Saturday, May 31, 2008

Internet Theory

Internet: an electronic communications network that connects computer networks and organizational computer facilities around the world (webster.com)

All that binds the Internet together is communication protocols.

So what are we communicating?
Communication: the imparting or interchange of thoughts, opinions, or information by speech, writing, or signs. (dictionary.com)

So... everything. How is everything organized? That's quite an impossible question. Everyone seems to have their own particular views on the world, and it's also a moving target. So how is it we are supposed to organize our communications over the Internet if the state of the information is in constant flux?

We approximate using keywords, semantics, and behavioral models mapping some input set of information to some output set of information.

Why do we do this? So we can find the information we need, or find the places information needs to go.

In the early stages of the Web, keyword was it we extracted surface data from the input and surface data from the output. Behavioral models focused on improving what was known about a particular set of inputs and was a huge step forward because it made computers slightly smarter than the person. Even better it's a model that gets better with use and is capable of self-correction provided the inputs don't change radically.

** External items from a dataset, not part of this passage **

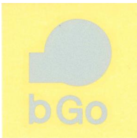
図 8 : bGo ロゴ シール

播州（播磨の別称）や自転車（bicycle,bike）の頭文字と「自転車で播州の観光地を巡ろう」というメッセージを込めている。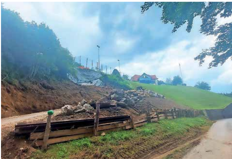
Sanacija plazu pod športnim igriščem pri podružnični šoli in vrtcu na Sovodnju

Za sanacijo nastale škode so pridobili projekt sanacije z geološkim elaboratom, ki predvideva utrditev temeljnih tal na dnu plazu in izgradnjo opore v brežini, da bi preprečili ponovno tveganje plazenja.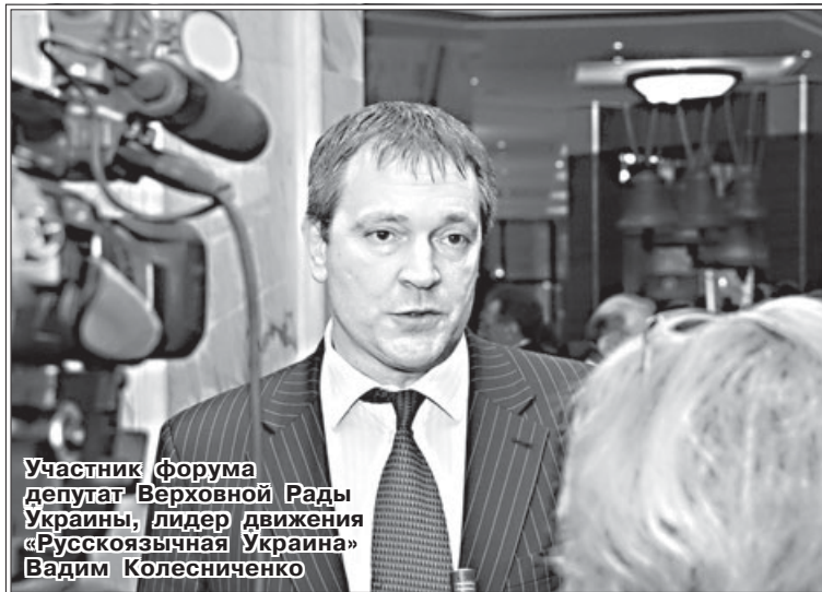
Участник форума депутат Верховной Рады Украины, лидер движения «Русскоязычная Украина» Вадим Колесниченко

Важно и далее развивать паломничество верующих из разных концов Русского мира к общим святыням. Для этого надо открывать паломнические центры и службы, составлять маршруты, делать хорошее информационное обеспечение, готовить специалистов в этой области.

Eventually these techniques were applied to improve the analyzed output data as well (see PageRank from Google).

This works most of the time. However, it often crops up when trying to deal with ambiguous or uncommon inputs. The answer to this is supposedly to apply semantics to both the input and the output set. This makes sense as we are trying to detect the deeper meaning of what is provided.

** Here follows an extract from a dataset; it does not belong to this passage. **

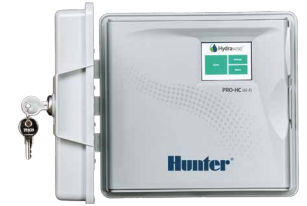
Pro-HC (plástico para exterior) Altura: 22,8 cm Ancho: 25 cm Profundidad: 10 cm

What doesn't make sense is that we are imposing an artificially created sense of meaning. This becomes very obvious when looking at slang terminology or even regional dialects. Technically we could encode all of those dialects into our semantic model, but to what purpose? They are going to continuously change no matter what.

With semantic technology we teach the computer how to relate various chunks of text to one another. This is where semantics changes what is the Internet. Before we were simply communicating documents, emails, web pages, etc... With semantics, we can communicate meaning. We can communicate what it is about a particular document, web page, or email that has useful information to the end user without actually ever showing the the original source of information.

Rather than input and output, we have a network of information related by it's meaning rather than a set of information mapped into an organizational scheme by some model.

Of course, if creating semantics on the computer were easy it would have already been done....